Le sarrasin de Tiehm, une petite fleur sauvage aux pompons jaunes, est une espèce endémique propre à la chaîne de Silver Peak, en partie grâce à des adaptations qui lui permettent de prospérer sur un sol rempli de lithium et de bore, les mêmes minéraux essentiels qui ont attiré Ioneer sur le site. Il existe actuellement sur seulement 10 acres de terrain. Depuis le début de la planification de la mine, les écologistes ont travaillé pour protéger le sarrasin de Tiehm, ce qui a conduit le Fish and Wildlife Service des États-Unis à le classer comme espèce en voie de disparition fin 2022 à la suite d'un procès et d'une campagne publique pour protéger l'espèce.
La liste désigne 910 acres comme habitat essentiel pour la fleur sauvage afin de protéger l'espèce du développement et d'autres menaces, de fournir un espace pour que la population de fleurs sauvages repousse et de soutenir les sols et les pollinisateurs qui l'aident à s'épanouir.

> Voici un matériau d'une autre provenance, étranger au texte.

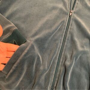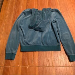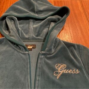 Guess Women’s Teal Blue Velour Hoodie Track Jacket L. Great preowned condition, with the exception of a few small spots. See photos. Approximate measurements armpit to armpit 20 inches length 23 inches.
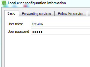 Uporabniško ime velja kot številka na katero boste klicali. Po potrebi uredite tudi druge funkcije. Nastavitve shranite s klikom na OK. |
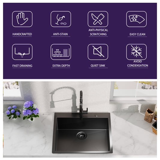 25x22inch Gunmetal Black Topmount 304 Stainless Steel 18 Gauge Kitchen Sink
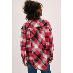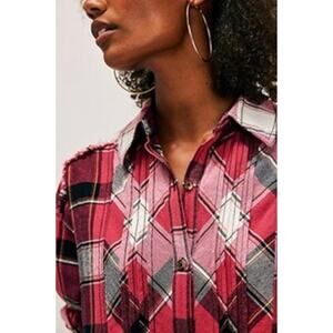 Free People Womens Small We the Free Layla Oversized Button-Down Plaid Shirt NEW

Mais selon le plan actuel d'Ioneer, jusqu'à 21 % de l'habitat essentiel protégé du sarrasin de Tiehm serait affecté par la mine à ciel ouvert, selon l'étude d'impact environnemental finale. Les responsables de l'entreprise ont déclaré à Pacte Climat qu'ils s'engageaient à ne perturber que 20 % de l'habitat de la fleur sauvage et qu'ils procéderaient à la remise en état du terrain dès que possible après l'exploitation, bien que 45 acres ne soient pas récupérés, ajoutant qu'Ioneer entretient une serre pour cultiver la plante et un plan pour atténuer ses dommages.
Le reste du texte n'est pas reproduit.